I have run into an interesting chemical problem that has led to both theoretical and applied database questions. I am hoping that some of the experts on the list can shed some light.
I have been looking into the recent controversy concerning the structure of (+)-hexacyclinol. This compound was first isolated in 2002 by Graefe et al who proposed a structure for it…. La Clair recently synthesized this structure, or it least reportedly so. [SB: By the way – do a google search
on hexacyclinol so see how the blogosphere responded to this problem.] Then Rychnovsky …proposed an alternative structure for (+)-hexacyclinol, which was subsequently synthesized and confirmed to be identical to the original natural product
(PMR: yes the blogosphere is worth reading, e.g. Totally Synthetic (blogroll) and Tenderbutton (but this is now password-only).
So here is first my theoretical question: How do you index such a situation? The original structure of the molecule (+)-hexacyclinol is wrong, and a subsequent one is right. So, when you query a database, which structure matches up with the name “(+)-hexacyclinol”? My guess is that it should be the correct one – but then what do you do with the old
structure? Obviously, this is not the first, nor will it be the last, compound whose structure in contested.
Now here is the more applied aspect. A search in SciFinder for (+)-hexacyclinol gives CA 484674-97-7, which is the original (and, we now know, wrong!) structure. Querying for the papers that have this structure returns the Grafe, La Clair and Rychnovsky papers, but not the Porco paper. But entering the “true” hexcyclinol structure and then doing a search locates 2 structures CA 903574-41-4 and CA 903574-42-5, which look to me to be identical. Furthermore, the only paper that is linked to these “two” structures is the Rychnovsky paper. In other words, the Porco paper that reports the actual synthesis and x-ray structure of hexacyclinol does not have any hexacyclinol structure(s)
(correct or not) attached to it!
PMR: Note – Scifinder is a Closed access tool to the Closed Chemical Abstracts database of chemical information. I cannot therefore comment on Steve’s Ids.
(By the way, a PubChem search for hexacyclinol comes up dry, but all of the above papers are indexed in PubMed.) Any explanations?
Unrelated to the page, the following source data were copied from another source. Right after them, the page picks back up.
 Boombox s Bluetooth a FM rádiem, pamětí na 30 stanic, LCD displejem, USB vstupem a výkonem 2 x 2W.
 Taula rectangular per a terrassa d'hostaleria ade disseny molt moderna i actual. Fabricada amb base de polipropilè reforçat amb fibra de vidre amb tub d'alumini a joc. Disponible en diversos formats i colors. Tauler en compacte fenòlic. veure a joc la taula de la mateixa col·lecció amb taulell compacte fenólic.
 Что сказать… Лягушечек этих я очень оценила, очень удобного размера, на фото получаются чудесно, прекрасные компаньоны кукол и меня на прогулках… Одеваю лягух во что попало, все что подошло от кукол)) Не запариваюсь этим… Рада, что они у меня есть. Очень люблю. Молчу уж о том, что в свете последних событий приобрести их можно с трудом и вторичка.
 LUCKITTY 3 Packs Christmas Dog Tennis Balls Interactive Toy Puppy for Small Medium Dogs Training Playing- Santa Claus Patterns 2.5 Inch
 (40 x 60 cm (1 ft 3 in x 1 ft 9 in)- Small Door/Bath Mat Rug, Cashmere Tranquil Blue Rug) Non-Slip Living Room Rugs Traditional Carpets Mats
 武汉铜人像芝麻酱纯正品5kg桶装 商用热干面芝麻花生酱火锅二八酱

(PMR: Yes, Hexacyclinol is not very interesting except to chemists so no-one has deposited a data collection containing it to Pubchem. If synthetic chemists contribute collections of targets to Pubchem I am sure Pubchem will be delighted to accept them. However many chemists are still unaware that PubChem exists.)
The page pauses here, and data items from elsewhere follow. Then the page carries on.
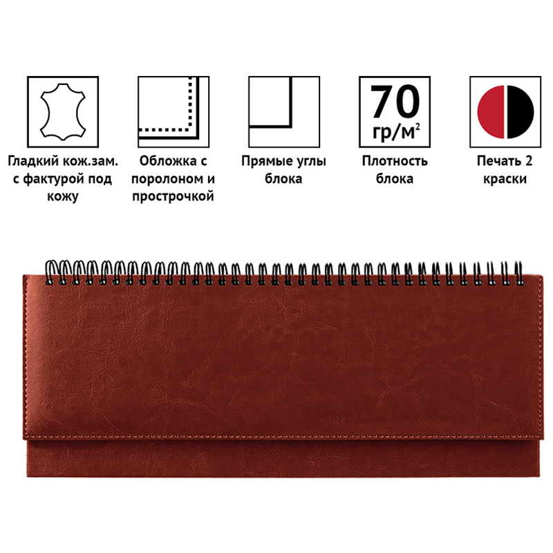Планинг датированный формата 330*130 мм из коллекции «Nebraska». Обложка изготовлена из высококачественного переплетного материала с поролоновой прослойкой, цвет обложки - коричневый. Подходит для всех видов полиграфического тиснения. Внутренний блок состоит из 64 листов офсетной бумаги плотностью 70 г/м2, печать блока в 2 краски, календарь на 4 года, телефонная книжка.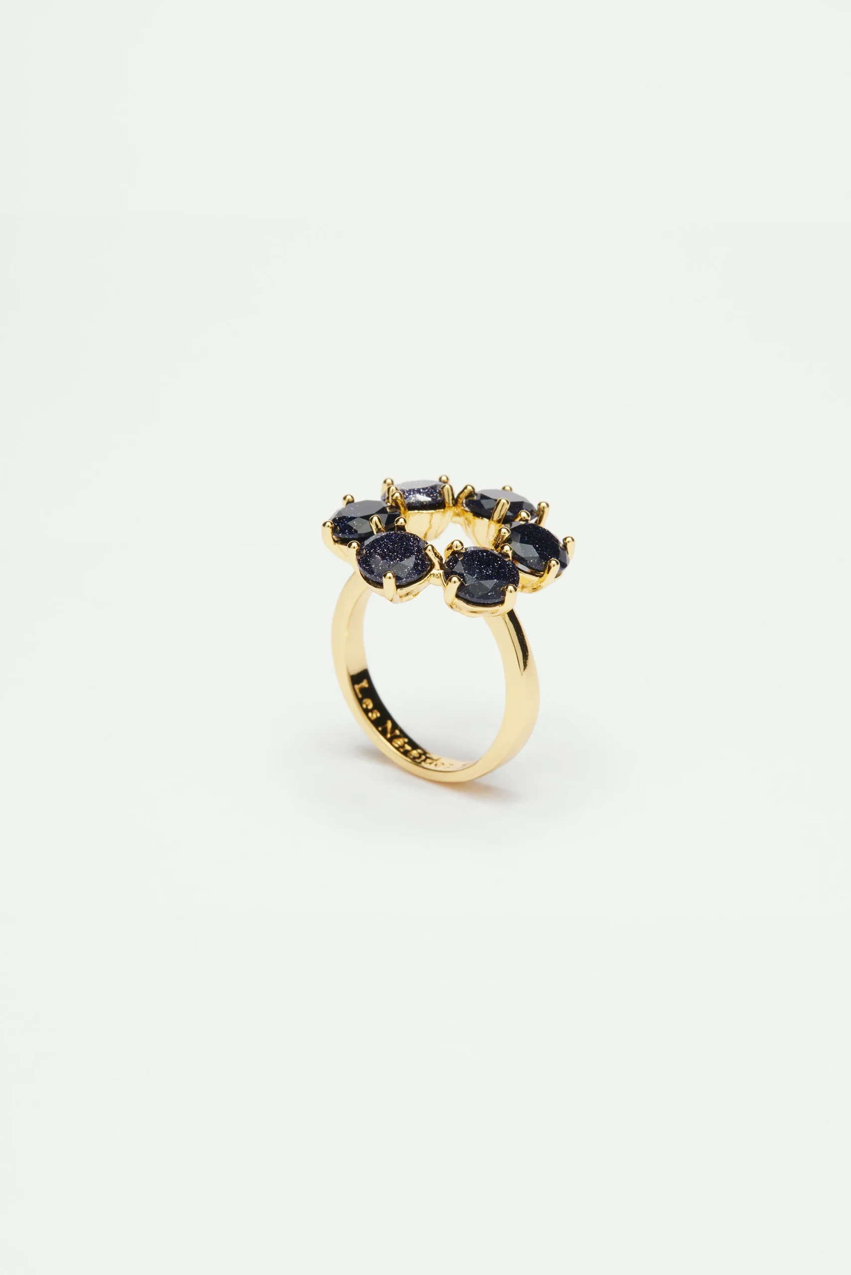 Composées de 6 pierres couleur bleu nuit pailleté, cette bague à taille apportera une touche de raffinement à votre style… La Maison Les Néréides capture pour vous l’essence d’un ciel bleu nuit étoilé, et l’emprisonne dans ses créations haute fantaisie, ne manquez l’iconique Diamantine ! Bague Fine : laiton doré à l’or fin, pierre de verre taillé, colorama bleut nuit pailleté.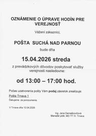 Pošta Suchá nad Parnou oznamuje, že dňa 15.04.2026 (streda) bude poskytovať služby verejnosti v čase od 13:00 -17:00 hod.
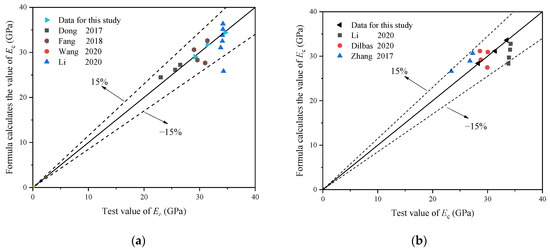 To further verify the applicability of the calculation formula, the specimen data under different BF contents [33,35,39,41] and different replacement ratios [28,41,44] were substituted into the formula calculation; the comparison between the test result and the formula calculation result of Ec based on Equations (8) and (9) is shown in Figure 17a and Figure 17b, respectively. It can be observed that the formula calculation results were in good agreement with the test results.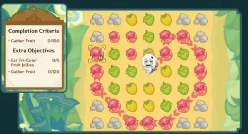 Итак, вам необходимо будет сначала выбрать Паймон в качестве отправной точки и собрать соседние фрукты одного типа. При этом основные цели уровня можно изучить в левой части экрана. Вы можете соединять фрукты по всех 8 направлениях.

PMR: There is nothing strange in this – it’s common in all most disciplines. As a science progresses the interpretation of objects changes. Genes, organisms, galaxies are all frequently reclassified. It’s actually a strange feature of structural chemistry that there are so many cases that aren’t fluid and where a structure and a substance can be associated and where this association can persist for a long time.
The language of “right” and “wrong” is what is causing the problem. These statements should be recast in terms of annotations or assertions, labelled with the authority that makes them. (Incidentally this is what is at the basis of the RDF-based Semantic web). The above could be written:
2002: Graefe asserts that C1 is the structure associated with a given substance (S1). Graefe gives S1 the label “hexacyclinol”. Graefe also asserts that certain reported physical data (D1) belong to S1.
2005? Le Clair makes S2 and asserts that it is the same substance as S1 and re-asserts that S1 is has the structure C1
2006. Rychnovsky makes S3 and asserts it is not identical with S1 or S2 but should be associated with the structure C1.
By the laws of chemistry (which say that a given substance S should only be associated with one structure C) we have a contradiction. So…
2006. Many chemists, including the blogosphere, assert that Le Clair’s statement is false.
But that may not be the end of it.
That is a simplified picture. Henry Rzepa has written about “What is mauveine?” – it is by no means clear what this industrially spectacular purple pigment was or is. He has devised an RDF scheme for presenting, and possibly resolving, a number of assertions about the structure of a compound.
Not all chemistry has the luxury of being able to associate a precise formula with a given substance in a jar. Here are some simple examples,
  • What is aluminium chloride?
  • What is glutamate?
  • What is glucose?

These are legitimate scientific statements which require several assertions, linked in a mini-semantic web. That is why we need to move from a twentieth-century way of describing chemistry (as exemplified by the CA numbers) to a semantic one. There is lots of room for volunteers.
I’m reminded of being shown round the British Museum of Natural History – and a room full of fish specimens in ethanol in labelled glass containers. The biologist said that some countries had asked for their specimens – their property – back – the BM had resisted. But if it ever came to that the BM would keep the labels – their metadata.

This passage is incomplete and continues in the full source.